Que se me vayan las tonterías y las desazones idiotas, que me quiten las manías y las rabietas estúpidas, que se marchen miedos, temores y resquemores, que me quede vacía.
Necesito quedarme vacía y que sólo te quedes tú, para poder echar a patadas todas mis pesadillas de cama infantil, de esas que se van cuando te dan un beso en la frente y un vaso de leche caliente justo antes de dormir, y que con un peluche al lado sabes que no te atacarán.
Échalas a todas y quédate conmigo, dame la mano antes de dormir, el besito en la frente. Prepara leche, sí, pero esta vez para dos. Tápame hasta el cuello con las sábanas y quédate tú entre ellas. Sé mi peluche todas mis noches, pero no enciendas la luz aquella que dejaba encendida cuando era pequeña porque esta vez sólo quiero tenerte a oscuras, conmigo.
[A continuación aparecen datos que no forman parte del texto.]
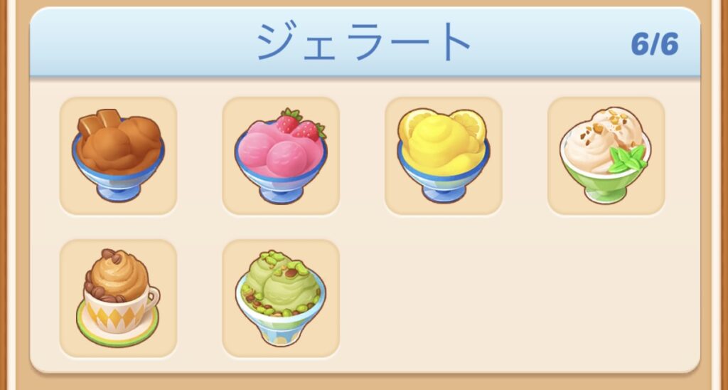 現段階で確認できるジェラートレシピは以下の6種類です。

A cambio te prometo desayunos en el balcón, pero sólo si me dejas tu camisa cuando me levante de la cama... sin nada debajo. Puedo ofrecerte muchos amaneceres fríos en los que te abrazaré para que no tiembles, y calurosas salidas de sol donde estiraré las sábanas para que no te levantas del calor.
Puedo ofrecerte restos de pizza de la noche anterior o magdalenas de chocolate, ¡menú a elegir! Quizás te convenza alguna vez de que el ColaCao sabe mucho mejor que el café, aunque prepare café sólo para que te despiertes con su aroma.
Puedo asegurarte despertares entre besos, entre mis besos, con ventanas abiertas y luz a raudales. Oler tu cuello y encontrarme a mí misma en él. Que te robaré las camisas porque me encanta ponérmelas, que llevaré el pelo recogido aunque suelto te guste más, y que lo soltaré si me lo pides.
Y tendrás el desayuno preparado, ¡jurado! Con tu café y mi ColaCao, tus tostadas y mis magdalenas, tomate y mermelada por si te apetece alguna de las dos cosas, o ambas. No me pidas el periódico porque no estará. Estaré yo, y todo un día por delante juntos, y planes improvisados que cumpliremos sin saber.